Fast, non-contact strain measurement method for materials subjected to high thermal and mechanical loads

(July 17, 2017) Materials for light construction and high-temperature applications first have to be qualified before use in order to be able to utilize them to their full potential. The fatigue tests necessary for this purpose can now be performed with a newly developed optical strain measurement system with significantly faster test frequencies without the use of conventional, contacting measurement systems which lead to unwanted damage to test specimens. The versatile process developed by the Fraunhofer IWM and IPM combines the advantages of previous optical and mechanical measuring methods.

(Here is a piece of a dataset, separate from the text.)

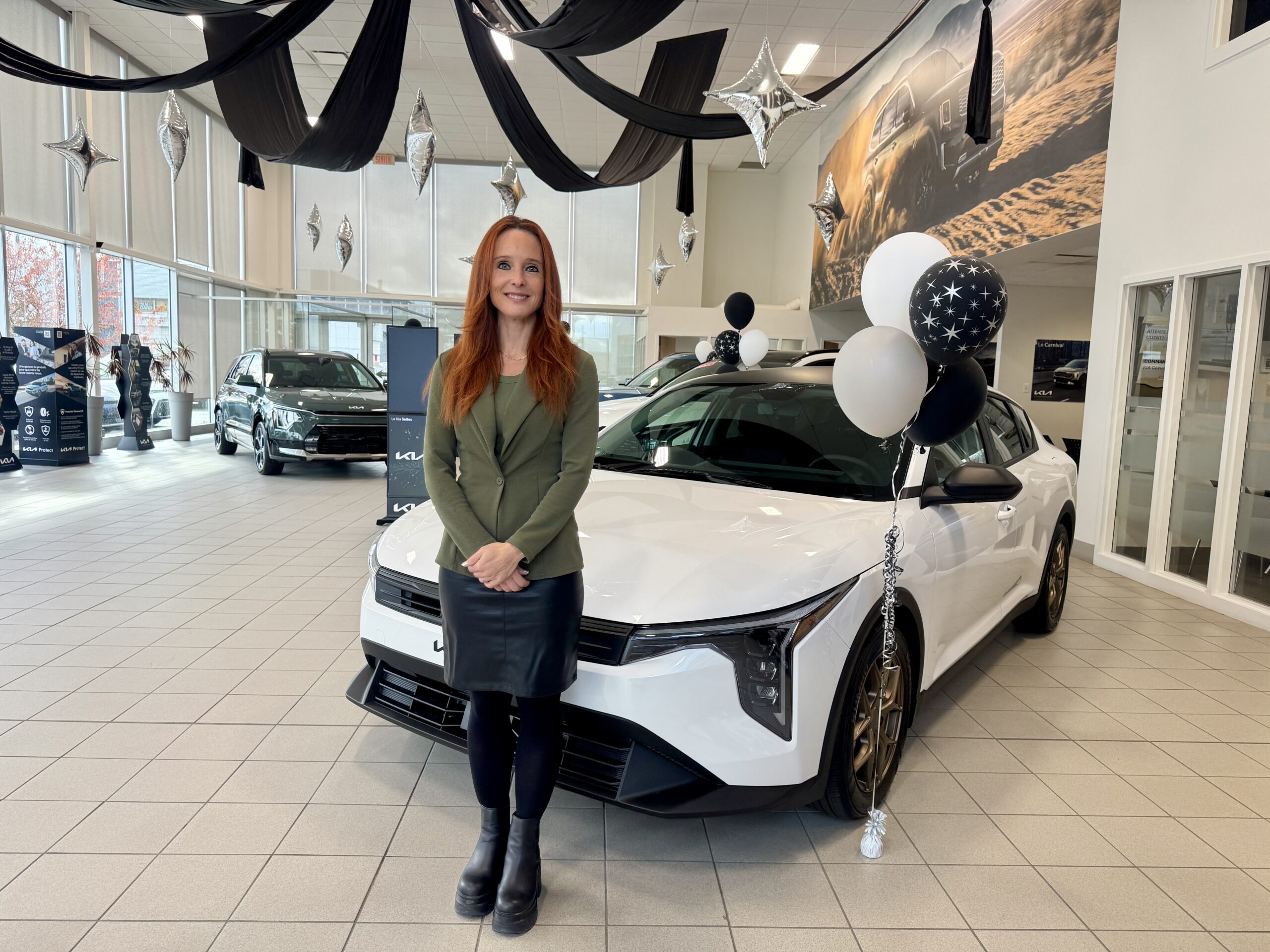 C’est un heureux hasard — et un petit coup de pouce de son conjoint, P.P. Deslandes, bien connu dans le milieu automobile — qui l’a menée vers cette nouvelle aventure. Christophe, directeur général de Kia St-Hyacinthe, a d’abord contacté son conjoint pour lui proposer un poste. « Au départ, je pensais peut-être à un rôle de direction commerciale, mais quand j’ai compris la nature du poste de livreuse de véhicules, j’ai eu un déclic. »

© Fraunhofer IWM und Fraunhofer IPM
Cyclical fatigue test at 1000 °C with tactile and optical strain sensor.

High-performance materials improve the function and extend the application range of machines and systems, such as in light construction and high-temperature applications in the automotive industry, in power plants or in aircraft engines. However, components based on high-performance materials have to be qualified in each case in order to ensure the resilience and safety of the subsequent product. In view of the mechanical properties and the service life behavior, they occur, for example, with high-frequency fatigue tests under a cyclic, recurrent load. These measurements place high demands on the measuring speed of the strain measurement systems which are used. Now, researchers at the Fraunhofer Institute for Mechanics of Materials IWM and the Fraunhofer Institute for Physical Measurement Techniques IPM have succeeded in increasing by a factor of ten the measuring speed for the non-contact strain measurement as part of fatigue tests.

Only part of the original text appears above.